## [Problem details]
Everything in the data except the pictures belongs in your answer, copied exactly.

## [Dataset content]
===============
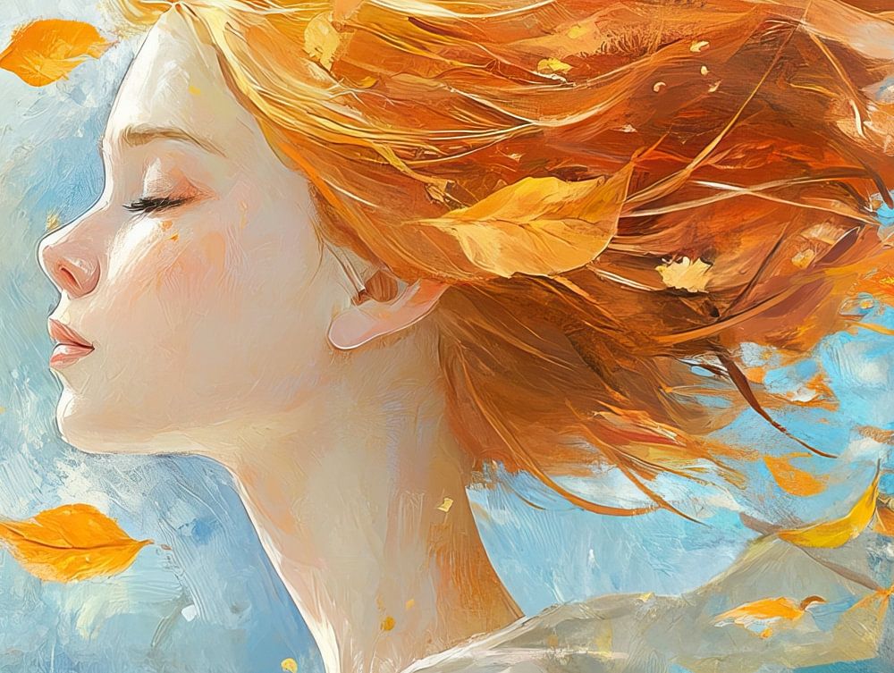 Orange Hair - This woman painting shows a young lady with beautiful, blowing, orange hair, surrounded by golden leaves floating in the air, against a calm bluish background.
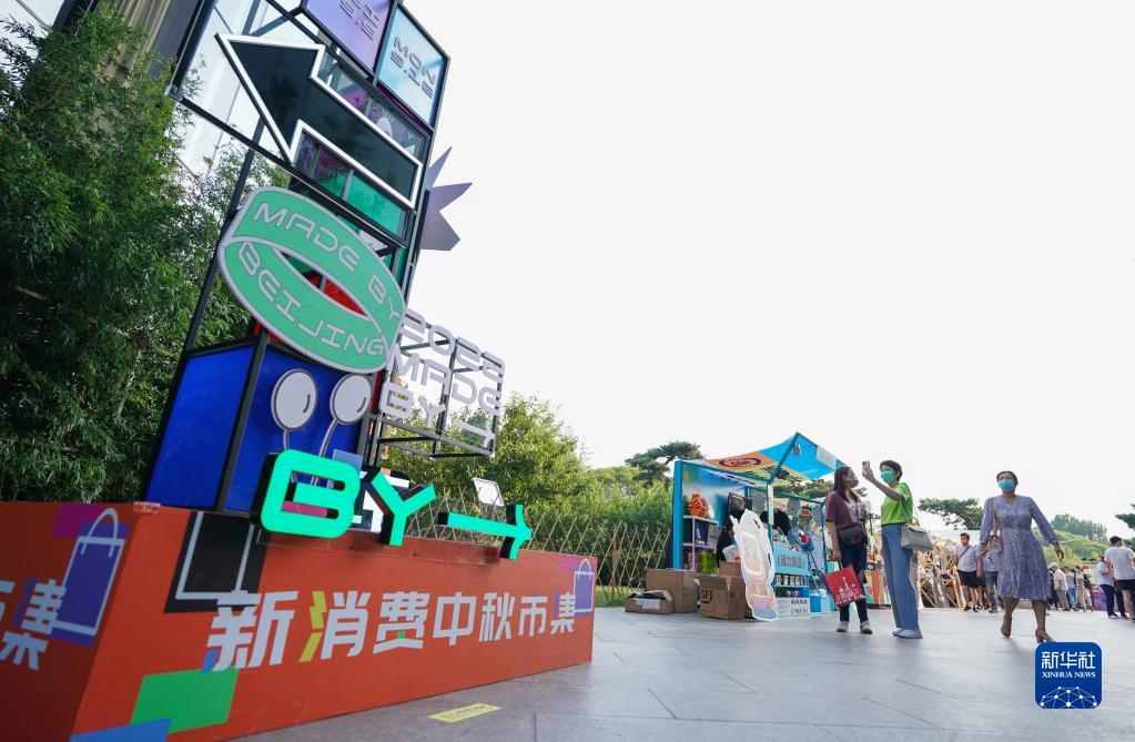 9月11日,人們在北京朝陽(yáng)區亮馬河畔的“中秋市集”上購物休閑。新華社記者 陳鐘昊 攝
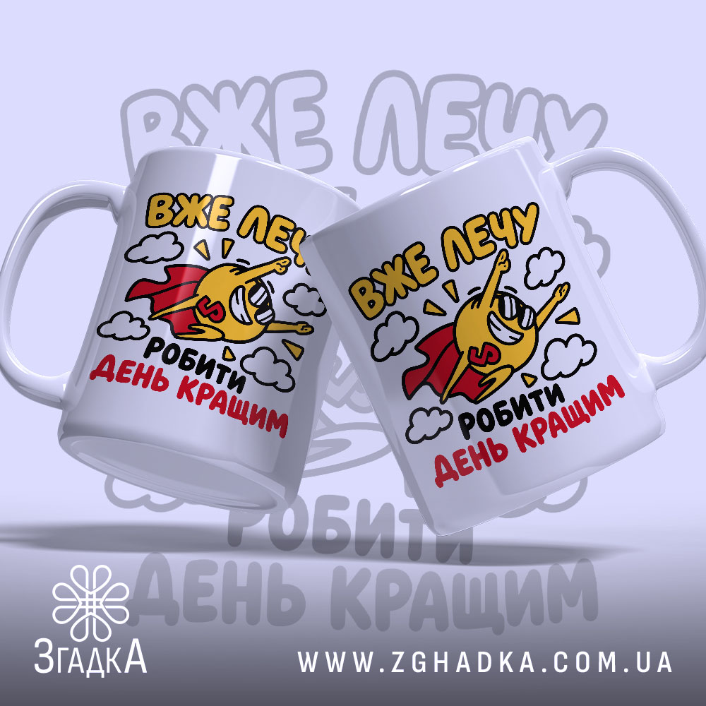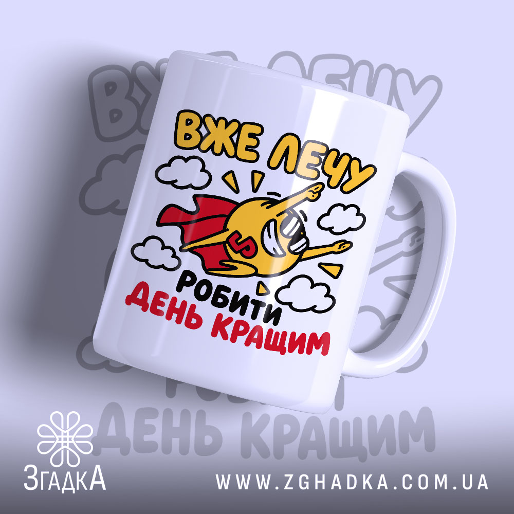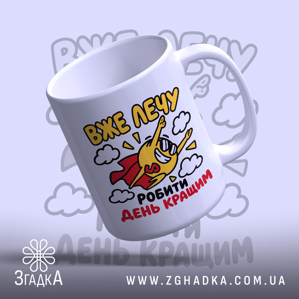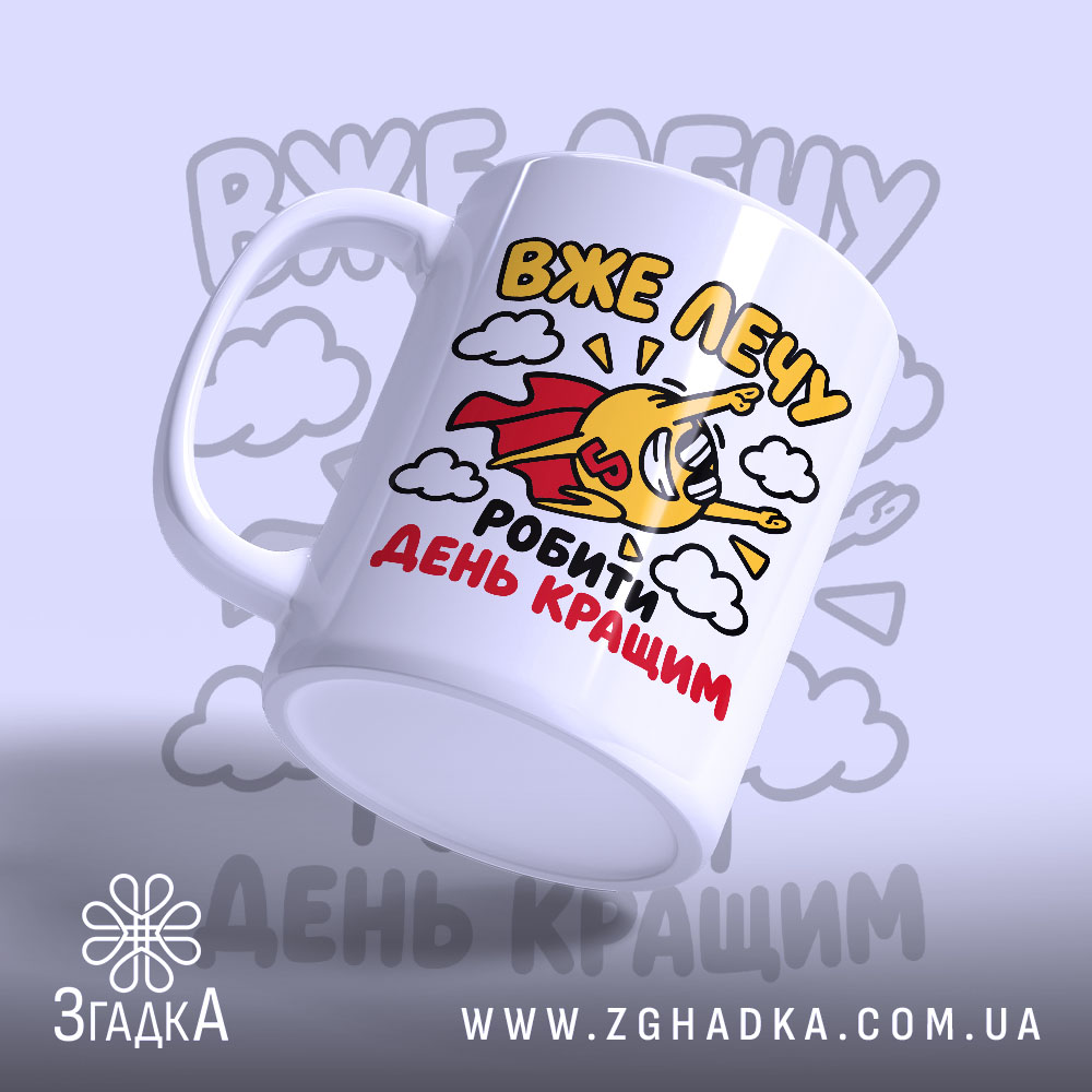 На чашці зображено веселого персонажа у червоному плащі, який летить серед хмар. Яскраві кольори: жовтий, червоний та блакитний, створюють позитивний настрій. Текст “ВЖЕ ЛЕЧУ” та “РОБИТИ ДЕНЬ КРАЩИМ” виконаний у динамічному стилі, що підкреслює енергію та радість.
===============
## [Answer to this problem]
 Orange Hair - This woman painting shows a young lady with beautiful, blowing, orange hair, surrounded by golden leaves floating in the air, against a calm bluish background.
 9月11日,人們在北京朝陽(yáng)區亮馬河畔的“中秋市集”上購物休閑。新華社記者 陳鐘昊 攝
 На чашці зображено веселого персонажа у червоному плащі, який летить серед хмар. Яскраві кольори: жовтий, червоний та блакитний, створюють позитивний настрій. Текст “ВЖЕ ЛЕЧУ” та “РОБИТИ ДЕНЬ КРАЩИМ” виконаний у динамічному стилі, що підкреслює енергію та радість.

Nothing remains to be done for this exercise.